Story by Charlotte Dekle
Staff Writer

Photo by Erin Lee
Staff Photographer

The City Council voted to approve a resolution to install an all-way stop sign at the intersection of Meridian Ave and Oak St. at its meeting on Wednesday, July 21. This resolution was part of a larger movement to implement all-way stop signs at three high-traffic intersections of Meridian Ave.: Meridian Ave. and Oak St., Meridian Ave. and Maple St., and Meridian Ave. and Pine St.. 

This action came to the City Council after the creation of a petition with 133 resident signatures by Save Meridian Avenue for its Residents Together (SMART) Families. SMART Families and their decades-long advocacy focus on increasing safety measures for pedestrians on Meridian Ave. The proximity of the Meridian Ave. intersections to three educational facilities (South Pasadena High School, South Pasadena Middle School, and Holy Family School) is the main subject of concern among SMART Families members. 

The resolution was also in conjunction with an authorization of an amendment to design Rectangular Rapid-Flashing Beacons (RRFB) on Meridian Ave. and Oak St. While installing RRFBs along Meridian Ave. was considered by the City Council, an all-way stop sign was ultimately chosen.

Throughout the meeting, supporters of the resolution cited a study by transportation consultant Rock Miller, as justification for a stop sign or light at Meridian Ave. and Oak St.

“Based upon the unique intersection geometrics, the marked crosswalk, and the street usage further to the east, there is ample justification to conclude that all-way stops are appropriate for this location,” Miller said in the study. 

During the public comment portion of the meeting, members of SMART Families expressed their support of the resolution and its potential to save lives. 

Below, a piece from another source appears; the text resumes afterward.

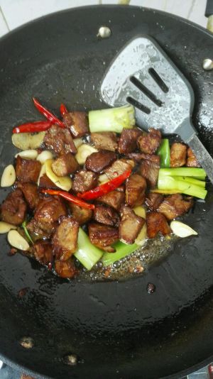 锅内放少许油,油温七成热时调小火放入蒜瓣,大葱段和姜片煸香,煸香后倒入洗干净的牛肉翻炒,加少许红烧酱油煸炒上色

“Stop signs are the solution to the long-standing risks and fears of crossing our very own street. Flashing lights whether above ground or below still give substantial deference to driver’s decision making,” South Pasadena resident Delaine Shane said. “Reckless speeding drivers have only one thing in mind and it is not pedestrian or bicycle safety at crosswalks. Crossing the streets safely is a right and not a privilege.”

Other supporters of the resolution presented an emotional argument to the council regarding personal safety as a pedestrian.

“I don’t ride [my bike] on the street because you’re taking your life in your hands. As evidenced by two car crashes, one on June 18 and another one on July 1. So, yeah it’s emotional.” South Pasadena resident Sean Teer said.

When discussing the other two intersections: Meridian-Maple and Meridian-Pine, the council voted to delay any action until the Mobility and Transportation Infrastructure Commission and its review of the intersections are conclusive.

More information and plans for the installation of the four-way stop sign at the Meridian-Oak intersection are still unknown but will likely be discussed by the council in the coming months.